Is there a better way in Python?
Well, this might be faster since it does the comparing in C:
def occurrences(string, sub):
count = start = 0
while True:
start = string.find(sub, start) + 1
if start > 0:
count+=1
else:
return count
>>> import re
>>> text = '1011101111'
>>> len(re.findall('(?=11)', text))
5
If you didn't want to load the whole list of matches into memory, which would never be a problem! you could do this if you really wanted:
>>> sum(1 for _ in re.finditer('(?=11)', text))
5
As a function (re.escape makes sure the substring doesn't interfere with the regex):
def occurrences(text, sub):
return len(re.findall('(?={0})'.format(re.escape(sub)), text))

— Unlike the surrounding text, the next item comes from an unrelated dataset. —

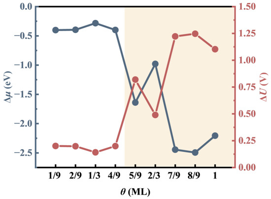 Δµ and ΔU of the O-adsorbed Ti(0001) surface compared with the clean surface under different θ. The orange transparent areas denote the region of higher oxygen coverage (θ = 5/9–1 ML).

>>> occurrences(text, '11')
5
You can also try using the new Python regex module, which supports overlapping matches.
import regex as re
def count_overlapping(text, search_for):
return len(re.findall(search_for, text, overlapped=True))
count_overlapping('1011101111','11') # 5
Python's str.count counts non-overlapping substrings:
In [3]: "ababa".count("aba")
Out[3]: 1
Here are a few ways to count overlapping sequences, I'm sure there are many more :)
Look-ahead regular expressions
How to find overlapping matches with a regexp?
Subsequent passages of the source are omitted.